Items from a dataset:
※

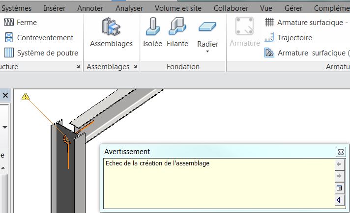 Depuis approximativement l'installation de POINTSENSE pour REVIT (il y a 2 semaines), chaque tentative de création d'un assemblage structurel se solde par un échec.
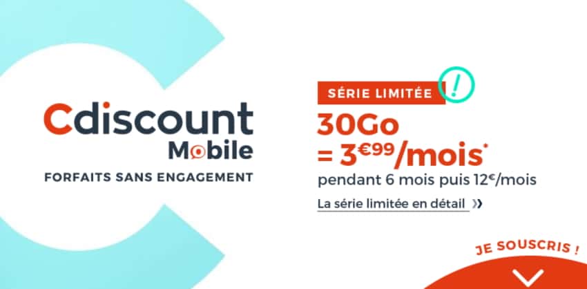 Cdiscount Mobile propose un forfait en série limitée jusqu'au 14 septembre 2020 seulement. Pendant les 6 premiers mois votre forfait mobile ne vous coûtera que 2.99€/mois. Ensuite, il passera automatiquement à 12.99€/mois. Vous pourrez toutefois choisir de ne profiter que du prix en promo et de résilier votre abonnement avant l'augmentation car c'est un forfait sans engagement.
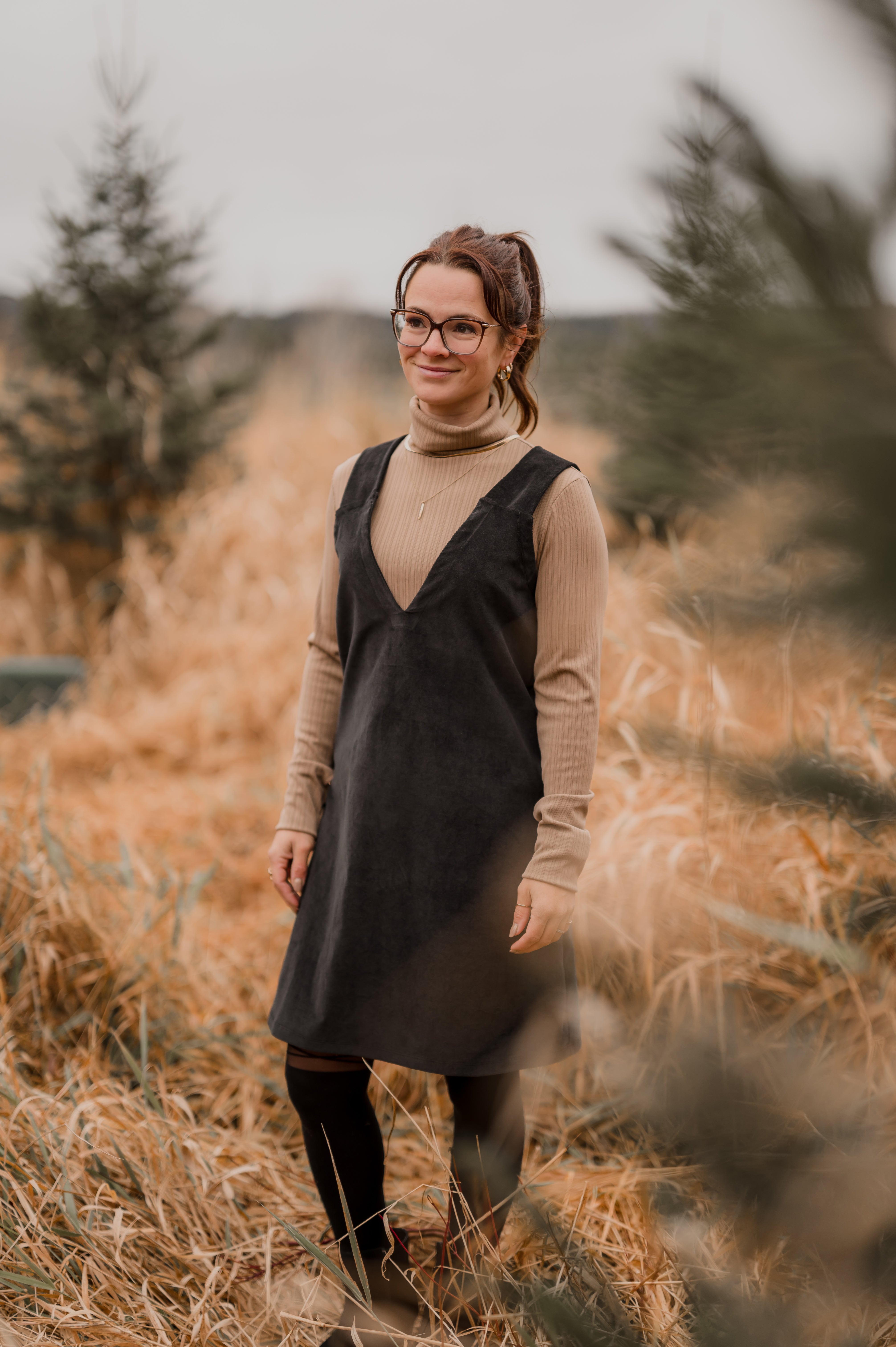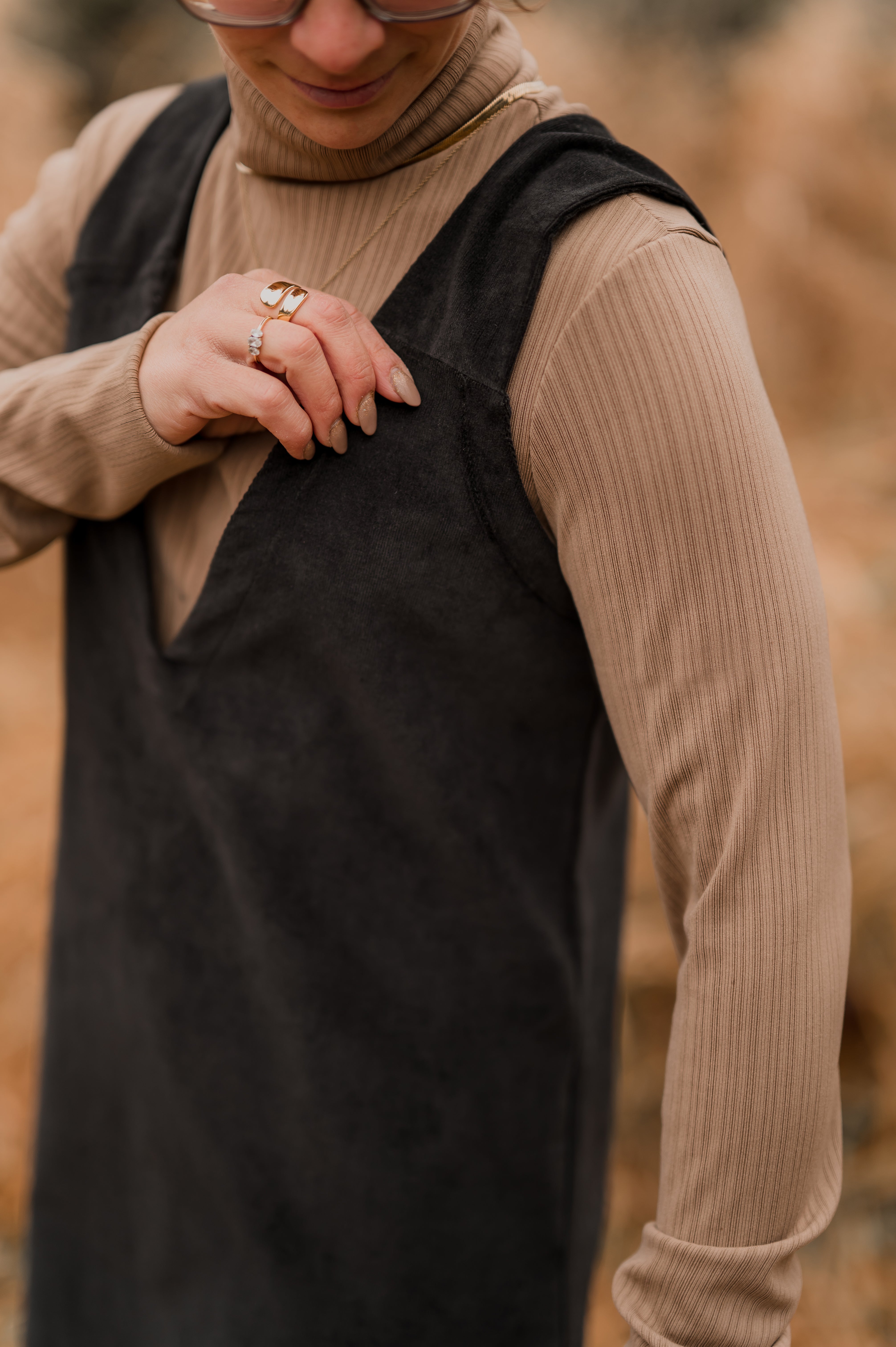 Avec sa coupe droite légèrement ample et son encolure en “V” flatteuse, il s’agence parfaitement avec un col roulé, une chemise ou un chandail ajusté.
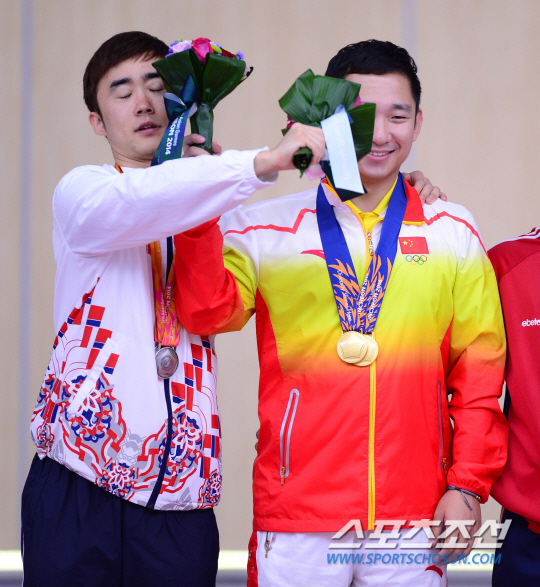 25일 오후 인천 옥련국제사격장에서 2014 인천 아시안게임 사격 남자 25M 스탠다드 권총 개인전 시상식이 열렸다. 시상식에서 은메달을 획득한 한국 김준홍이 중국 딩펑과 장난치고 있다.
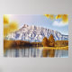 Montañas nevadas blancas en medio de tonos dorados del otoño.

※

## YOUR GOAL
Nothing but the lines from the one containing "Avec sa coupe" through the end of the entries is to be retyped, exactly as written and without pictures.

## COMPLETED EXERCISE
 Avec sa coupe droite légèrement ample et son encolure en “V” flatteuse, il s’agence parfaitement avec un col roulé, une chemise ou un chandail ajusté.
 25일 오후 인천 옥련국제사격장에서 2014 인천 아시안게임 사격 남자 25M 스탠다드 권총 개인전 시상식이 열렸다. 시상식에서 은메달을 획득한 한국 김준홍이 중국 딩펑과 장난치고 있다.
 Montañas nevadas blancas en medio de tonos dorados del otoño.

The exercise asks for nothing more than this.